Saved entries:
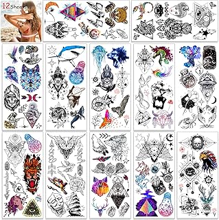 HOWAF 12 feuilles Tatouages Temporaires pour Femme, Homme, Enfant, Imperméable Tatouages Éphémères hibou oiseau Papillon Loup Crâne Faux Tatouage Autocollants pour Adultes
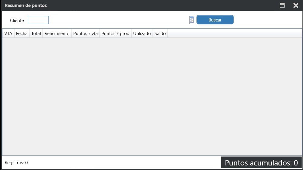 Desde esta ventana es posible realizar consultas de puntos acumulados.
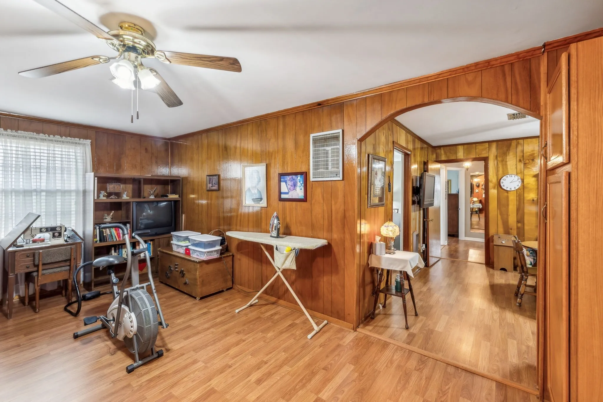 Charming Country Living – No HOA! This cozy 2-bedroom, 1-bath home sits on a sprawling 2-acre lot, offering endless possibilities. A versatile den could serve as a potential 3rd bedroom or home office. The home features low-maintenance laminate flooring throughout, with durable tile in the bathroom. The kitchen comes with appliances and a mounted TV, ready for your enjoyment. A chest freezer conveys. A detached garage provides extra storage or workshop space. Don’t miss out—schedule a showing today!
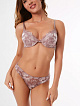 Комплект: бюстгальтер пуш-ап с гелевой чашкой и трусики-бразильяна. Выполнен из биколорного кружева.
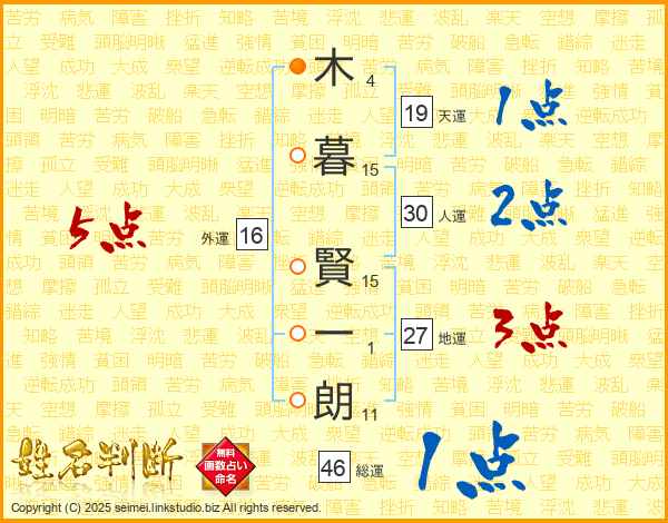 木(4画)暮(15画) 賢(15画)一(1画)朗(11画)
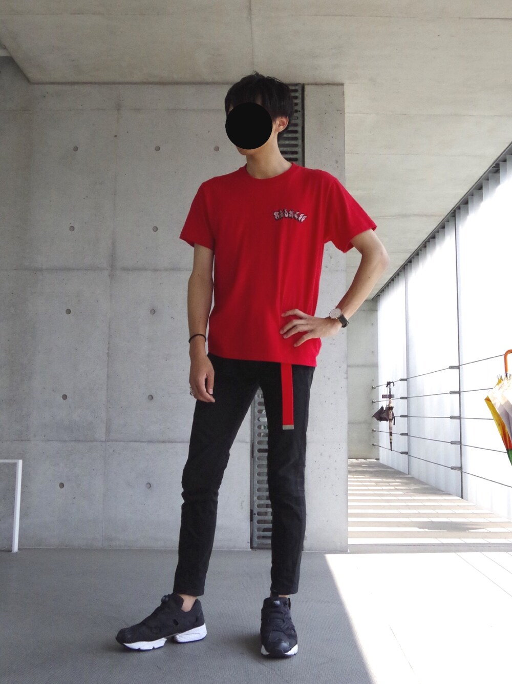 赤のTシャツとガチャベルで色合わせしたコーデです! 赤と黒のツートーンで纏めました^ ^ ガチャベルは持っていると使えますね笑 この夏、アバハウスで買ったポンプは大活躍してます😎
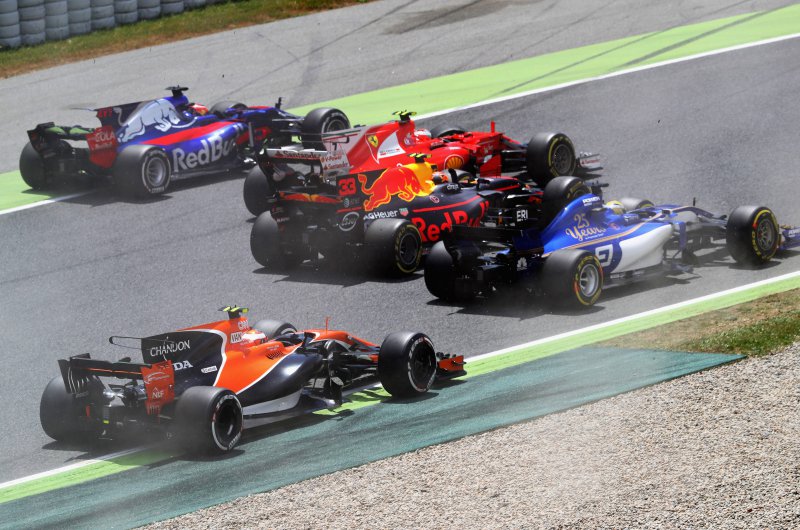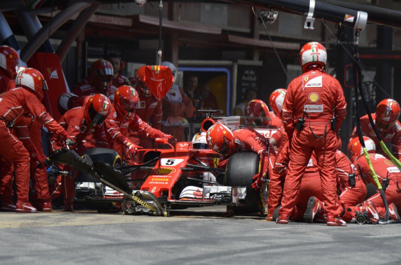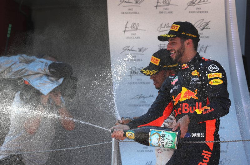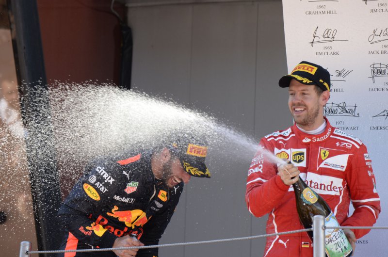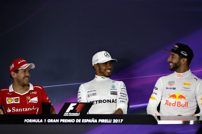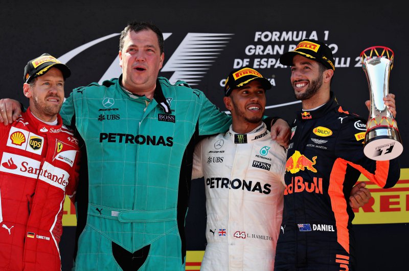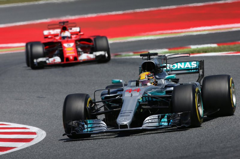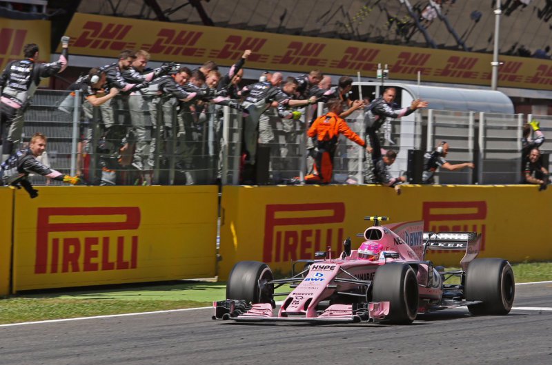 Hiába rajtolta le Hamiltont Sebastian Vettel, a stratégiai harcot ezúttal a Mercedes nyerte - kiesett viszont Bottas, Verstappen és Raikkönen is, míg a Force India újabb parádés versenyt ment. Fotó: Csapatok
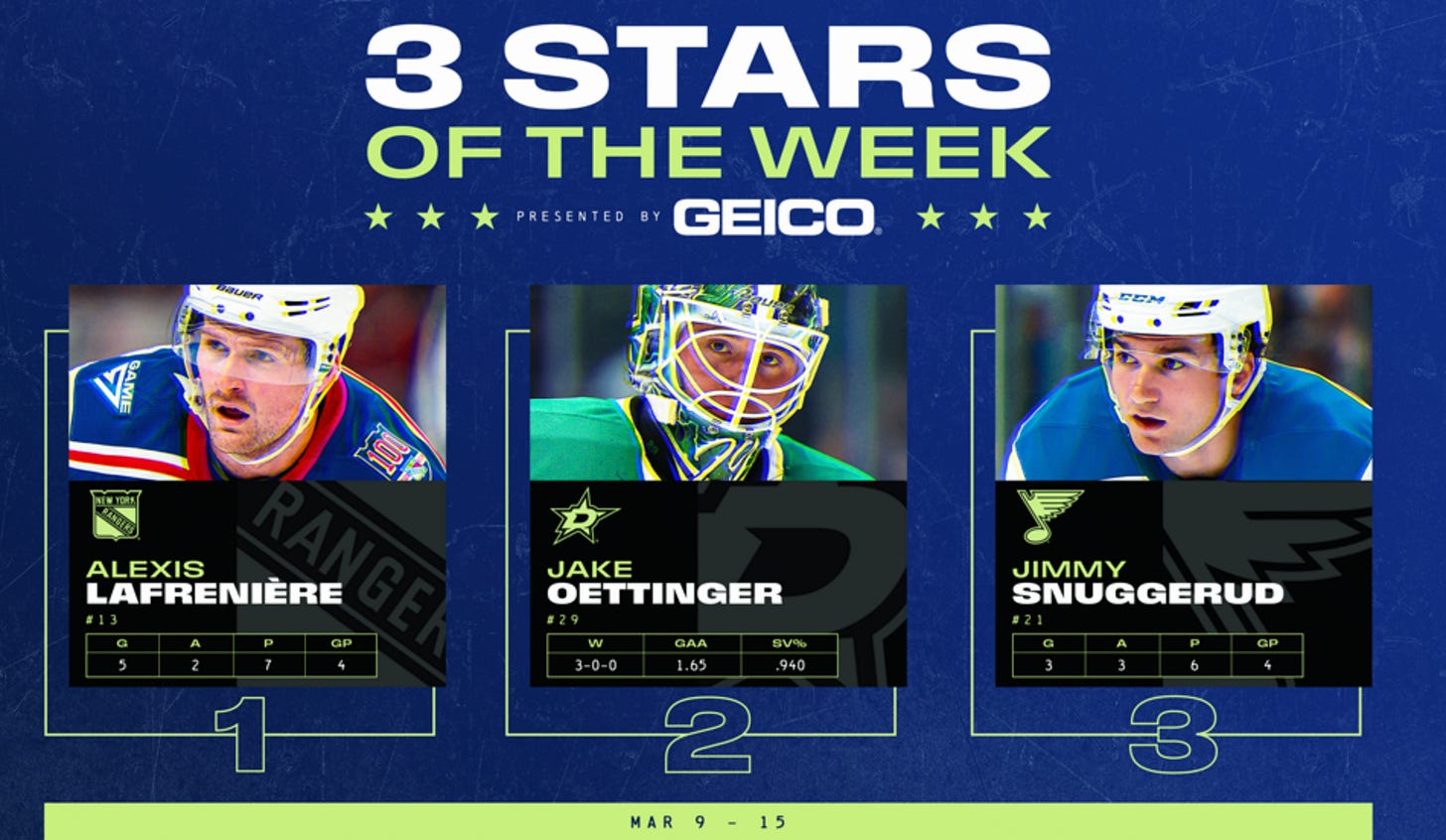 That’s true, too. After both of the first two periods, the Stars were the better team, but they just couldn’t manage to reach an intermission with a lead, despite getting chance after chance.

- **PROBLEM STATEMENT**:
Return the records above exactly as written. Do not include their images.

- **EXPECTED ANSWER**:
 HOWAF 12 feuilles Tatouages Temporaires pour Femme, Homme, Enfant, Imperméable Tatouages Éphémères hibou oiseau Papillon Loup Crâne Faux Tatouage Autocollants pour Adultes
 Desde esta ventana es posible realizar consultas de puntos acumulados.
 Charming Country Living – No HOA! This cozy 2-bedroom, 1-bath home sits on a sprawling 2-acre lot, offering endless possibilities. A versatile den could serve as a potential 3rd bedroom or home office. The home features low-maintenance laminate flooring throughout, with durable tile in the bathroom. The kitchen comes with appliances and a mounted TV, ready for your enjoyment. A chest freezer conveys. A detached garage provides extra storage or workshop space. Don’t miss out—schedule a showing today!
 Комплект: бюстгальтер пуш-ап с гелевой чашкой и трусики-бразильяна. Выполнен из биколорного кружева.
 木(4画)暮(15画) 賢(15画)一(1画)朗(11画)
 赤のTシャツとガチャベルで色合わせしたコーデです! 赤と黒のツートーンで纏めました^ ^ ガチャベルは持っていると使えますね笑 この夏、アバハウスで買ったポンプは大活躍してます😎
 Hiába rajtolta le Hamiltont Sebastian Vettel, a stratégiai harcot ezúttal a Mercedes nyerte - kiesett viszont Bottas, Verstappen és Raikkönen is, míg a Force India újabb parádés versenyt ment. Fotó: Csapatok
 That’s true, too. After both of the first two periods, the Stars were the better team, but they just couldn’t manage to reach an intermission with a lead, despite getting chance after chance.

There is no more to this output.